*Records for this task*
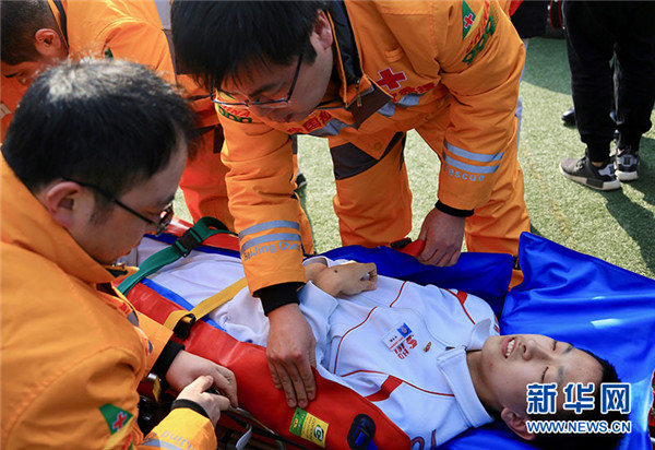 活動現(xiàn)場還設(shè)置了應(yīng)急救援演練,活動安排一架專業(yè)航空醫(yī)療救援直升飛機(jī)、兩輛救護(hù)車和一輛安全地震模擬車參與。
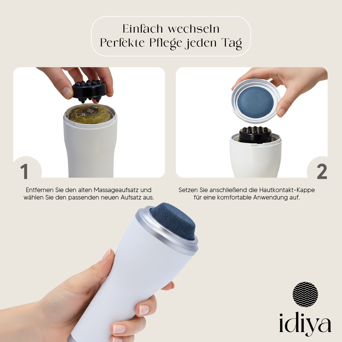 • 6 austauschbare Massageköpfe für unterschiedliche Körperbereiche
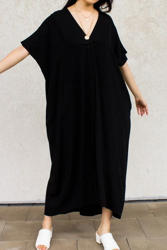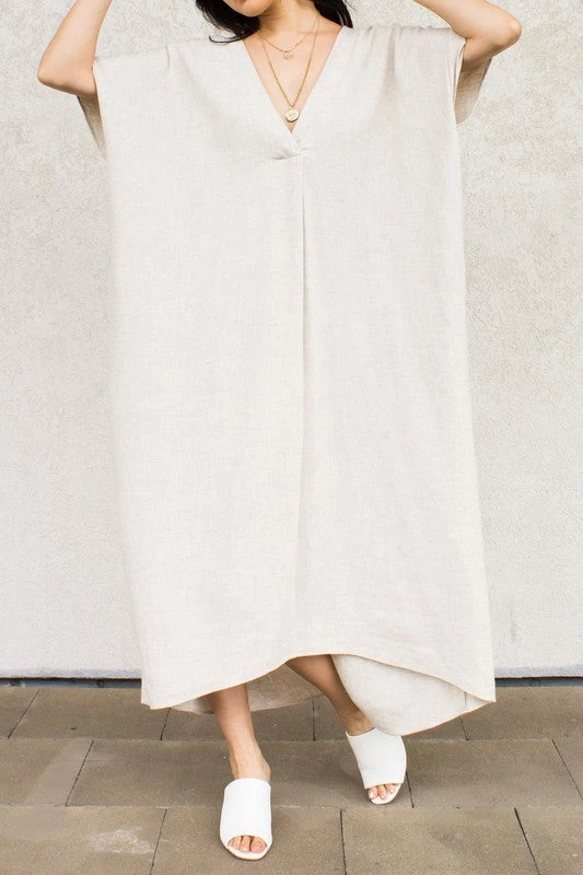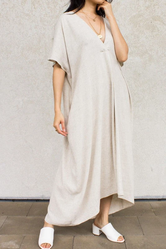 A linen cotton blend v neck hi-low midi length dress.
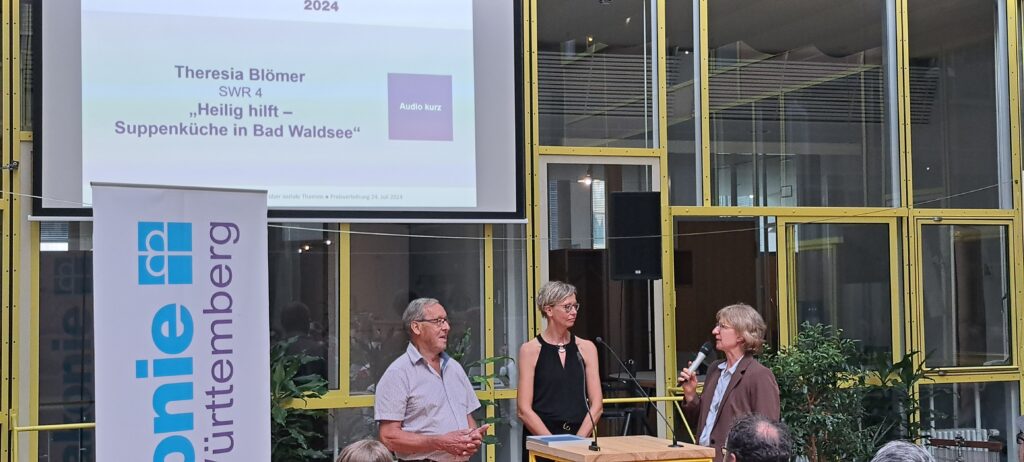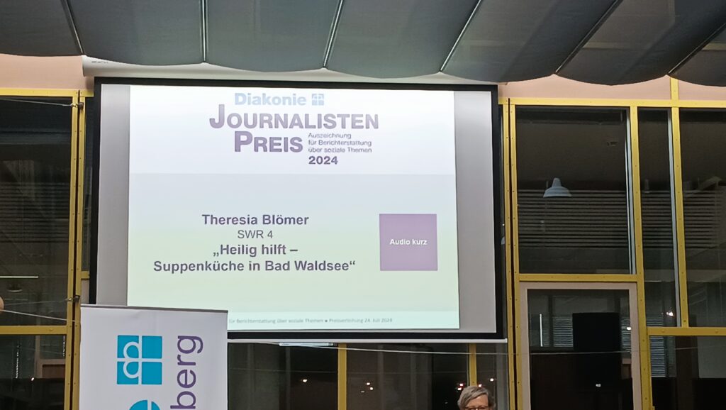 Bad Waldsee – Den Preis für die Kategorie Audio (Kurzbeitrag) bekam Theresia Blömer für die Radio-Reportage „Heilig hilft – Suppenküche in Bad Waldsee“, die auf SWR 4 lief. Der Beitrag gibt Einblick in den Alltag des Mittagstisches, den Rudi Heilig organisiert.
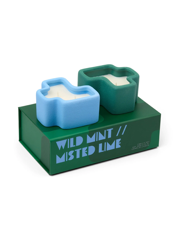 Jigsaw Ceramic Vessel Candles (Set of 2): Wild Mint & Misted Lime

*Exercise details*
From the line containing "A linen cotton" to the last line of the entries, copy every line exactly, including both ends, and leave out the pictures.

*Exercise answer*
 A linen cotton blend v neck hi-low midi length dress.
 Bad Waldsee – Den Preis für die Kategorie Audio (Kurzbeitrag) bekam Theresia Blömer für die Radio-Reportage „Heilig hilft – Suppenküche in Bad Waldsee“, die auf SWR 4 lief. Der Beitrag gibt Einblick in den Alltag des Mittagstisches, den Rudi Heilig organisiert.
 Jigsaw Ceramic Vessel Candles (Set of 2): Wild Mint & Misted Lime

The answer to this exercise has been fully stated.